Racism may in fact be subconsciously programmed into biometric technology. Author Shoshana Amielle Magnet writes in When Biometrics Fail that iris scanners don’t sufficiently read the irises of people of color. She concludes: “[Biometric] technologies work differently, and fail to function more often, on women, people of color, and people with disabilities.” (This makes sense, considering white men are overrepresented in the tech world.)

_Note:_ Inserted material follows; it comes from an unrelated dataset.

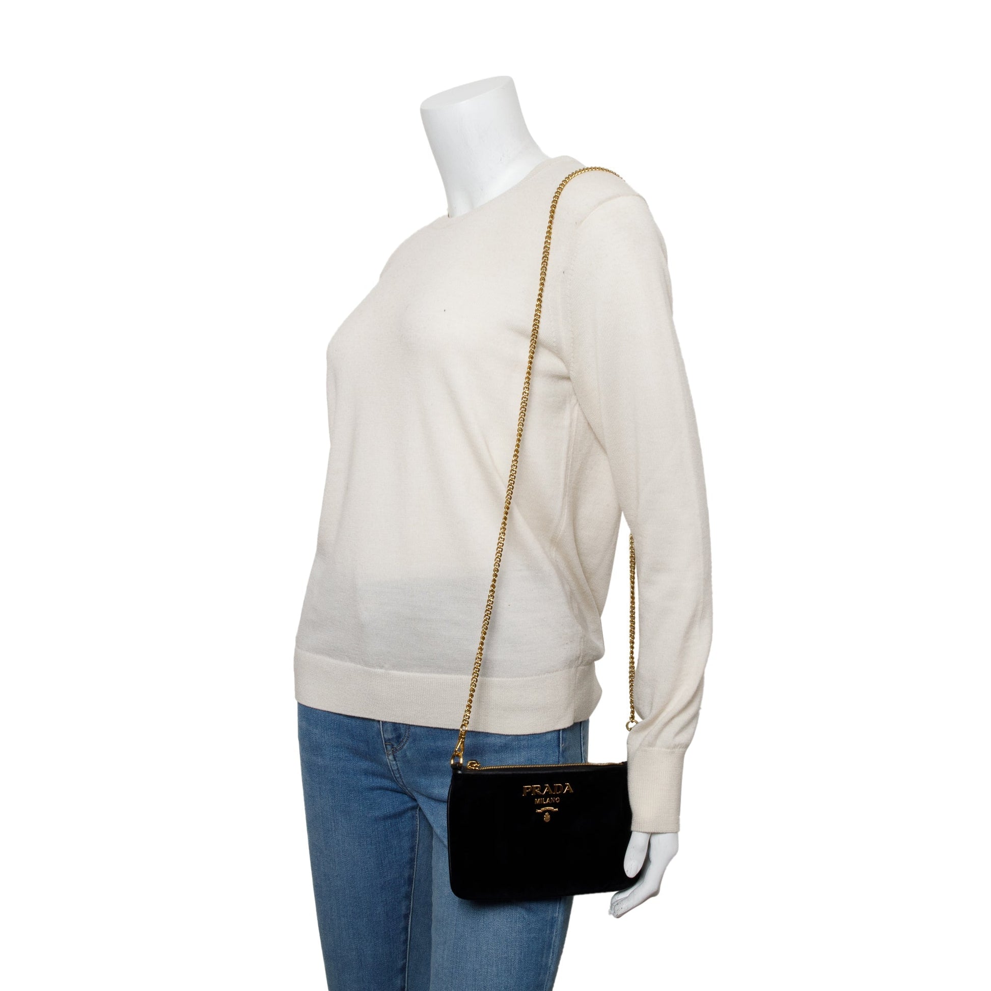 Prada Black Velluto Chain Clutch

Our faces give away more than our racial and ethnic background. Researchers have discovered a significant link between personality traits and iris appearance, as Andrew Patrick, an IT research analyst for the Canada Privacy Commissioner, points out. Specifically, researchers could identify aspects like trust, warmth, and impulsiveness based on the characteristics of someone’s eye. Thanks to an iris scan at the U.S.- Mexico border, the government could learn how trusting or impulsive you are and potentially share that information with interested parties like insurance companies.
“In many ways, biometrics represent a wrong direction in solving identity theft,” Patrick writes on his site. “Instead of a universal identifier that can be used, and abused, everywhere…why not make multiple private credentials that people can use selectively…while maintaining their overall security and privacy?” Unfortunately, non-U.S. citizens seeking to enter America may not have much of a choice.